I guess you and your GM -- or you, if you ARE the GM -- run/s things significantly differently than how it's presented. Typically, you don't bring your four offers to the table; the Johnson (or the fixer) has a price point, the job, a certain amount of information (the lack of which becomes a negotiating point in your favor), and a time frame. You receive these four points, decide whether or not the equation below is in or near your favor, then negotiate for a higher price point if it is. If it isn't, and likely isn't going to be so even if you negotiate a higher payday, then you walk.
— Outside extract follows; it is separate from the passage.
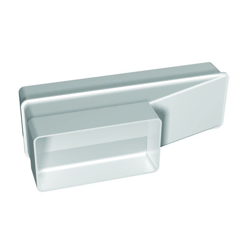 Соединитель эксцентриковый плоского воздуховода Era предназначен для соединения пластикового канала сечением 55х110 мм с воздуховодом 60х204 мм. Соединение осуществляется в горизонтальной плоскости, воздуховоды с переходом соединяются напрямую.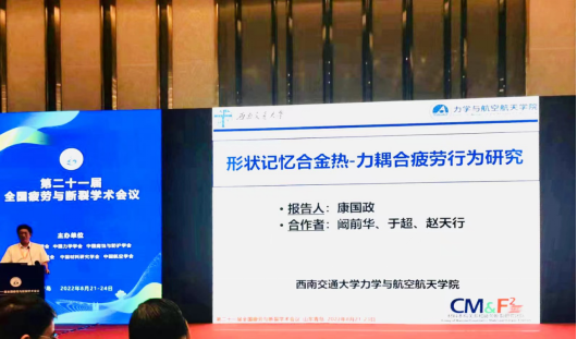 会议设立了大会邀请报告和分会场研讨等活动,邀请了10位在疲劳与断裂研究领域做出卓越贡献的学者做大会报告,其中我校康国政副校长以“形状记忆合金热-力耦合疲劳行为研究”为题进行了精彩的大会主旨报告,介绍了形状记忆合金热-力耦合疲劳行为的实验和理论研究方面的最新研究成果,引起了与会者的热烈讨论。

( Job + Info ) / Time = Payment
Rarely --
very rarely -- are you going to be able to 'get the parameters of the mission' without saying yes. "Hi, I want you to break into Ludivenko's and dump this toxic sludge into their next batch of Aqua Goo." 'Let me figure out what it's going to take and get back to you in, say, a couple of hours.' "Let you walk with knowledge of my highly illegal desires and attempt to pay you to do it? Oh, sure. Say there, officer, I'm planning on walking over there and shooting that guy in the head, okay?" 'Sure, sir, go to it!!'
This isn't a contract to build a house or an office building. This isn't even (usually) a contract to deliver something. This is a contract to
commit a crime -- sometimes dangerous, frequently heinous, and almost always, well,
illegal. Hell, you just
knowing becomes complicity, and often makes you an accessory to the crime -- because, see, in knowing about it, you (as a good non-citizen) should
report it. Which you don't. This, of course, is
illegal. You really think the Johnson's going to let you walk after giving you details?
...
Returning from searching, well, I can't find it, but basically in one of Steven Brust's Cycle books (Vlad Taltos), Vlad -- a minor crime boss and hitman -- is contacted for a job. He knows that if he asks for specifics -- the guy's name -- he's agreed to do it. SR should, at least in
my never-so-humble opinion, be played very much similarly. If you ask for specifics more detailed than 'we want you to break into an office building, steal a chip, and replace it with our own' -- or whatever is similar for the run you're being offered -- then you're saying 'okay, we'll do it, let's talk price'. And remember, the
Johnson is the guy with the money, and he's the one laying down the offer.
If he gives you any information more than that, your Johnson is a bloody idiot. And if he agrees to cover
all your expenses, he's gonna get canned the very next day. 'Expenses' is what the first payment is about.